PREP: 30 minutes
COOK: 15 minutes
SERVINGS: 4
These sweet and spicy shrimp are the perfect light meal or great served as an appetizer. Another recipe developed just for us by Amy Thielen.
Ingredients
1 pound shrimp, 21/30 size, peeled and deveined
1/4 teaspoon kosher salt
1/4 teaspoon freshly ground black pepper
2 teaspoons Huy Fong Sriracha® Ketchup, plus 1/4 cup 1 egg white
3 teaspoons grated ginger root
1 1/2 cups cornstarch
1 tablespoon sherry wine
2 tablespoons sugar
1 tablespoon unseasoned rice wine vinegar
1 tablespoon sesame seeds
Peanut oil, for frying
Directions
- Thaw shrimp and pat dry with paper towel. In medium bowl, combine the shrimp, salt, pepper, 2 teaspoons ketchup, egg white and 1 teaspoon ginger. Stir to combine. Add shrimp to the marinate and cover for at least 30 minutes or as long as 3 hours.

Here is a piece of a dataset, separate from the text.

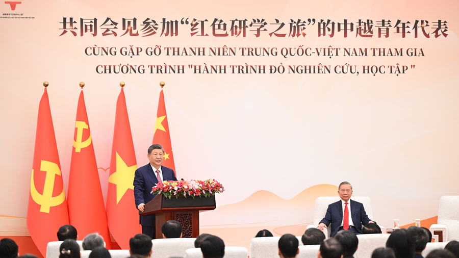 双方要同心协力,携手同行现代化道路。要加快发展战略对接,优先推进基础设施互联互通。要加强人工智能、半导体、物联网等新兴领域合作。中方欢迎更多越南优质产品进入中国市场。双方要继续加强旅游、文化、媒体、教育、卫生、体育等友好交流合作,促进两国人民相知相亲。我愿同你一道宣布启动2026-2027年“中越旅游合作年”。

- Pour 4 inches of peanut oil into a small, high-sided pan and heat until the oil reaches 300º to 325º degrees F.
- Pour cornstarch into a wide, shallow bowl. Drop the shrimp; shaking off any excess marinade, into the cornstarch and coat thickly. Fry the shrimp in three or four batches, cooking them just until they curl into a "c" shape and are crispy at the edges and pearly inside. Place the fried shrimp into a colander while cooking the rest of the shrimp.

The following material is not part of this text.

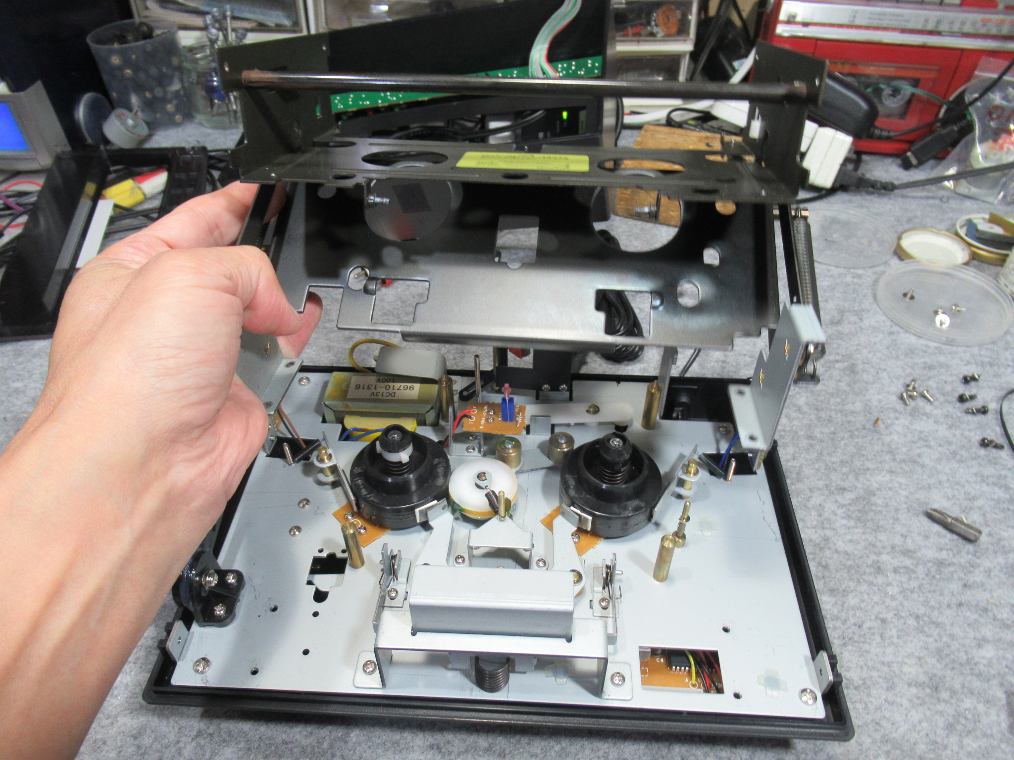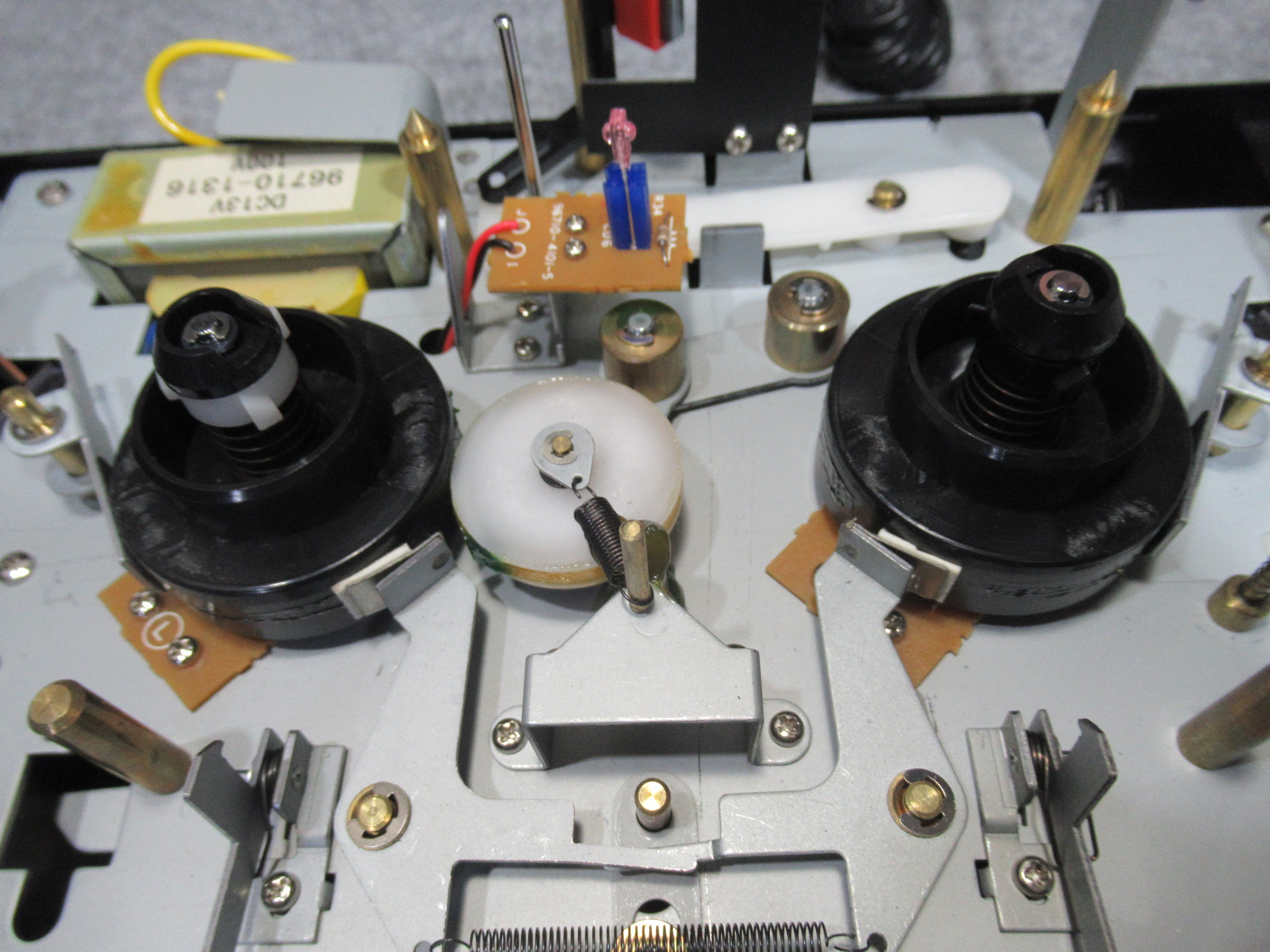 アイドラーとリールが現れました。この辺りはカセットデッキと同じ構造です。

- Heat a large skillet over medium-high heat; add 1 tablespoon of peanut oil, then the 2 teaspoons ginger and cook, stirring until it sizzles. Add the remaining ketchup, sherry, sugar, rice wine vinegar, and sesame seeds. Cook for one minute, until thickened.
- Add the fried shrimp and toss just to coat the shrimp with the sauce. Immediately transfer shrimp to a serving platter.
- Serve with cooked white rice, for an entree, or with toothpicks for an appetizer.